Rishi Sunak, the UK’s Chancellor, has pushed back a comprehensive review of business rates until the Autumn.
Business groups have long claimed that the way rates are levied hugely penalises those with premises such as shop owners, pubs and restaurateurs relative to online businesses.
The rate is based on the rentable value of a property with a built-in inflation multiplier.
Retailers want an online sales tax to be introduced to balance up what say is an uneven trading playing field.
The Chancellor will say it will be easier to determine the best course of action when the conditions surrounding Covid-19 have eased, the FT reported.
Some comfort for hospitality groups, leisure venues and retailers is that they are likely to have the current Covid-19 inspired business rates holiday extended in next month’s Budget, the paper added.

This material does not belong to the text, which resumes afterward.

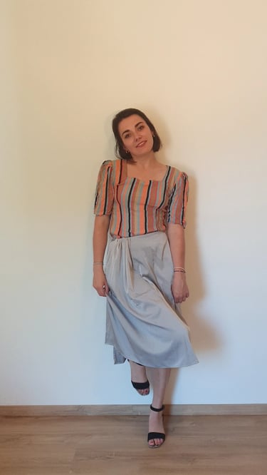 Le débardeur est la pièce la plus simple puisque l'esprit de la chemise y est conservé, pour la jupe nous avons du jouer au Tetris pour placer les pièces nécessaires dans le bas de la chemise et les manches. Ces deux vêtements transformés peuvent se porter à l'infini et en toute saison : ensemble ou séparément.

The Chancellor has a tricky balancing job between support measures to keep the economy afloat and trying to claw back some of the huge sums of money he has spent so far during the pandemic.
Government borrowing figures for January of GBP8.8bn released today were a new record for the month.
In what is normally a peak tax collecting period, borrowings also exceeded revenue for the first time in a decade.
Government borrowing in the current fiscal year has now risen to GBP270.6bn or GBP222bn more than a year ago with the total for the full year expected to be GBP394bn according to forecasts by the Office of Budget Responsibility.
That would be the highest annual borrowings total since the Second World War.